Bugün ülkemize gelen batılı turistlerin “Türkiye’de çok fazla çıplaklık var” tespitini yapıyor olması aslında “Türkiye’de turbosundan jetine, yerleşiğinden postuna değin her türden kapitalizm var” manasına geliyor. “Herkes yeteri kadar çıplaksa kapitalizm dilediğini almış demektir” diyorum yani. Bu “herkes yeteri kadar bireyselleştiyse kapitalizm istediğini almış demektir” cümlesine benzer bir cümle. Kadınla ve giyinmekle değil, kapitalizmle ve tükenmekle ilgili.
“Kadın” açısından giyinmenin giderek daha da frapan hale gelmesi ona saygın, mutlu, muktedir bir alan açmıyor. Açmaz da. Bunca frapanlık giderek bugün en çok ihtiyaç duyduğumuz mahremiyet duygusunun paramparça olmasına yarar. Geçenlerde bir kuryenin karşısına çırılçıplak çıkıp, bunu da kayda alıp paylaşarak “çok eğlendim” diyen kadın aslında “düştüğüm yeri tarif etmenin imkânı yok” demiş olmaktadır.
Şu yanlış anlaşılmayı da ortadan kaldırmayı deneyeyim kendi adıma. Kimin ne giydiği ve mahremiyetten, özgürlükten, göstermekten, görünmekten, bakmaktan, görmekten ne anladığı umurumda bile değil. Ben sadece bugün ve burada olanı biteni anlamaya çabalıyorum. Bugün burada olan şeyi anlamaya çalıştığımda ise gördüğüm manzara, hadi burada da Badiou dayıdan yardım alayım, “moderni yaşadığını zanneden insanın neolitik çağı tekrar ederek çürüdüğünü” fark etmek.

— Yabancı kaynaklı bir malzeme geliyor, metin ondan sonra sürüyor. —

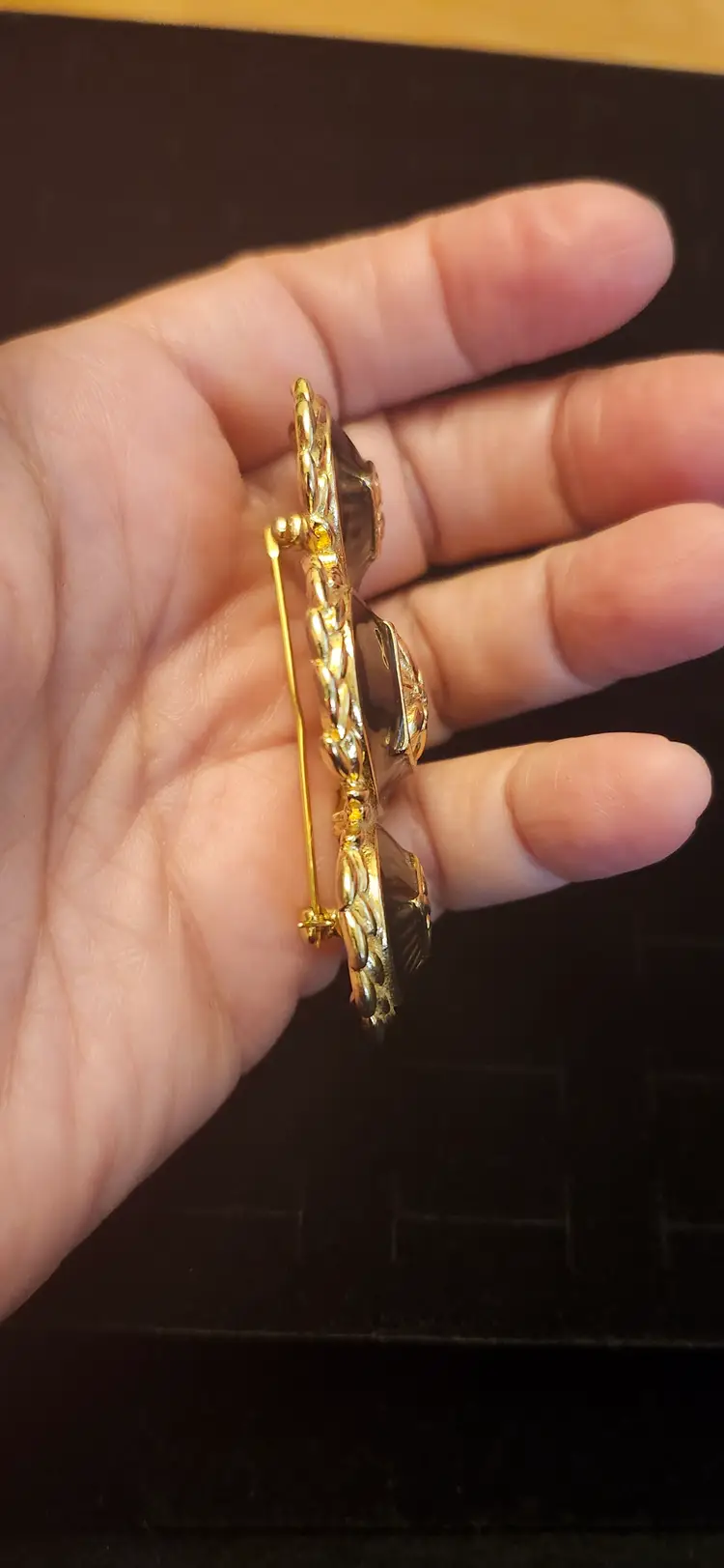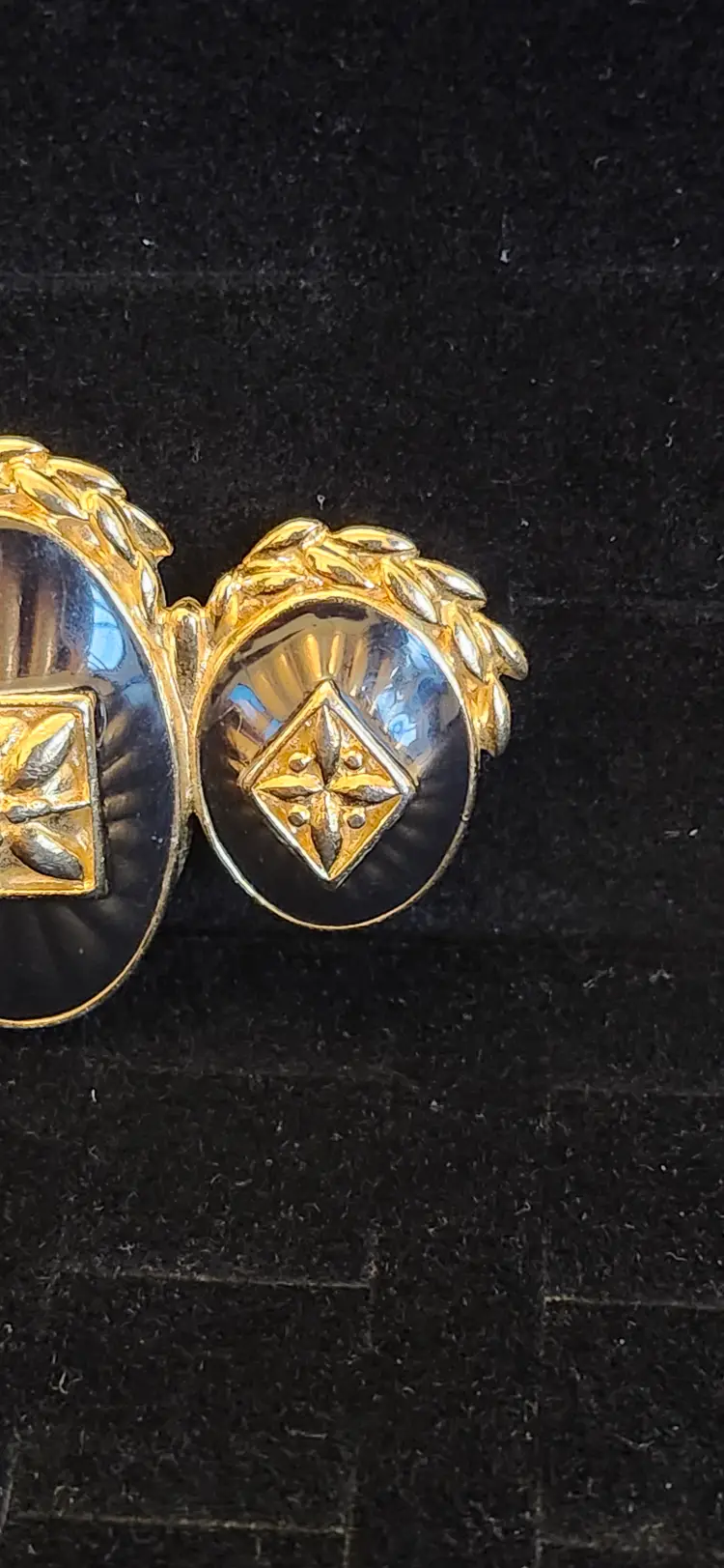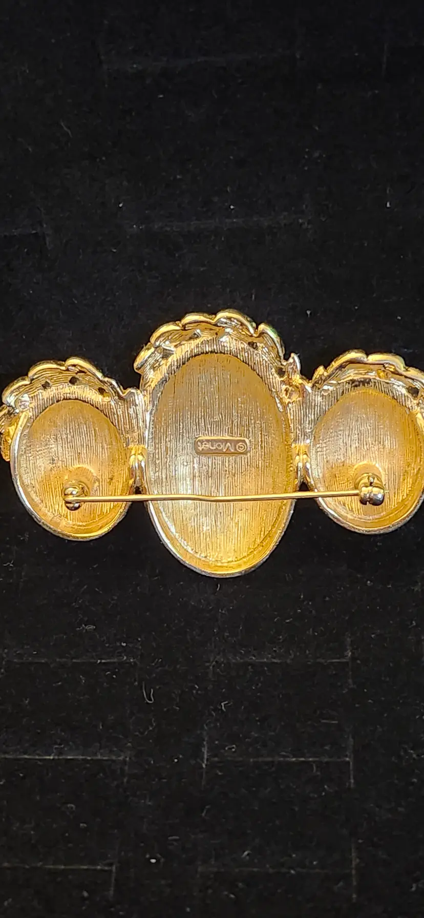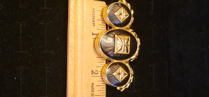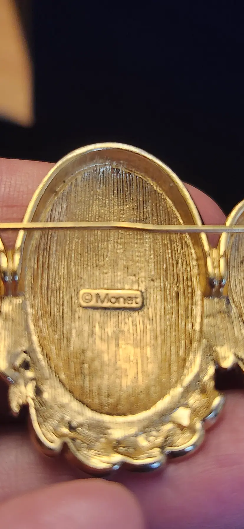 . This particular piece is identified as a "Monet Black Enamel and Gold Tone Three ovals bar Vintage Brooch". S ◦ Brand: Monet, a well-known name in vintage costume jewelry, particularly recognized for its gold-plated pieces. g . Design: The brooch features three interconnected oval sections with black enamel and gold-tone detailing, including a laurel leaf-like edge and a central square design with a floral or starburst pattern. Materials: :Itis made of gold-tone metal with black enamel accents.

Kadına en büyük hakareti onu “göstermek ve görünmek isteyen bir ürüne dönüştüren” kapitalizmin yaptığını düşünüyorum. Güzellik yarışmasını sorun olarak tanımlamayıp güzellik yarışmasında birinci olan kızı sorun olarak tanımlamak korkunç bir dünyaya işaret ediyor kadın açısından. Bari bunu görelim.
Biraz karmaşık yazdığımın farkındayım. Bir tartışmanın zeminini oluşturma çabasının akışı çünkü bu yazdıklarım. Bir köşe yazısı için de pek uygun değil aslında. Ancak bütün bunları konuşmak zorundayız.